Не все выпускники Университета, даже когда речь идёт о Богословском факультете, принимают сан и трудятся в собственно церковных структурах. Наш сегодняшний собеседник — сотрудник государственного ведомства. Он согласился рассказать нашим читателям о своей работе и о том, что служить Богу можно не только будучи клириком.

Глеб Андреевич, сейчас Вы — заместитель начальника отдела гармонизации межнациональных отношений Федерального агентства по делам национальностей, но до этого трудились в Синодальном комитете по взаимодействию с казачеством. Как Вы попали на работу в Синодальный комитет?

Я был иподиаконом у епископа Кирилла (Покровского), тогда он был наместником Донского монастыря, а ныне митрополит Ставропольский и Невинномысский. Когда был создан этот Синодальный комитет, Святейший Патриарх благословил возглавить его именно епископа Кирилла, а он, спустя некоторое время, предложил мне там работать. За что я ему очень благодарен.

Как называлась Ваша должность и каков был круг обязанностей?

Я был специалистом отдела по взаимодействию с епархиями и органами власти. Мы тогда разрабатывали для епархий рекомендации, в какой форме им следует выстраивать свою работу с казаками. По-моему, даже сейчас не во всех епархиях есть отделы по взаимодействию с казачеством, а тогда «на местах» в большинстве епархий не было священников, ответственных за эту работу. Так что мы начинали практически с нуля. Нужно было создать общую концепцию сотрудничества Церкви с казачеством, задать общий вектор. В плане служебных обязанностей процентов на 60 это была работа с документами, причем в значительной мере с письмами, которые приходили в Патриархию от людей и касались нашей тематики. Причем иногда речь шла о, скажем мягко, довольно странных обращениях. Но по существующим нормам отвечать мы все равно были должны.

А разве они нужны во всех епархиях? Казаки же есть не везде…

Вообще-то официально казаков нет только в двух субъектах Российской Федерации.
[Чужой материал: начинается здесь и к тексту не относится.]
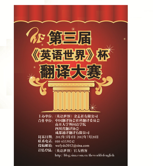 秉承“给力英语学习,探寻翻译之星”的理念,在前两届翻译大赛成功举办的基础上,《英语世界》杂志社将联合南开大学、中国翻译协会社科翻译委员会、四川省翻译协会和成都通译翻译有限公司共同举办第三届“《英语世界》杯”翻译大赛。欢迎广大英语爱好者,包括在书山学海奋力跋涉的莘莘学子,热情参与,晒秀佳译。

Вопрос в количестве казаков: стоит ли создавать епархиальную структуру ради трех с половиной человек, проживающих на территории епархии?

Сейчас мне сложно судить о том, насколько рентабельно в каждой епархии иметь священника, окормляющего казаков. Все-таки когда я работал в Синодальном комитете, епархий у нас было меньше, центром епархии почти всегда был областной центр, а там казачество было представлено достаточно весомо. Мы работали с теми епархиями, где казаки составляли значительную по численности группу.

Но все-таки, что такого особенного именно в этой группе православных граждан России?

Казаки — это очень сплоченная группа населения. Это неравнодушные люди, нацеленные на сохранение традиционных ценностей. Это не пассивные обыватели, поскольку они считают важным распространять эти ценности. Там, где это их стремление получает хотя бы минимальную поддержку, приносит добрые плоды.

А эти плоды можно как-то измерить?

Да, есть, например, очевидные показатели — процент регулярно причащающихся от общего числа казаков, процент венчаний от общего числа зарегистрированных браков. Одной из первых задач как раз и было посчитать наличные показатели, чтобы потом отслеживать их динамику.

Почему Вы сменили местоработы?

Хотелось новых вызовов, знакомства с новыми сферами жизни. Поэтому, когда появилась возможность перейти на государственную службу, я ею воспользовался. Начинал я в отделе по взаимодействию с российским казачеством Министерства регионального развития на должности специалиста первого разряда. Потом поступил на службу в Федеральное агентство по делам национальностей, где сейчас стал заместителем начальника, но уже другого отдела.

Насколько сильно изменилась Ваша работа после перехода на госслужбу?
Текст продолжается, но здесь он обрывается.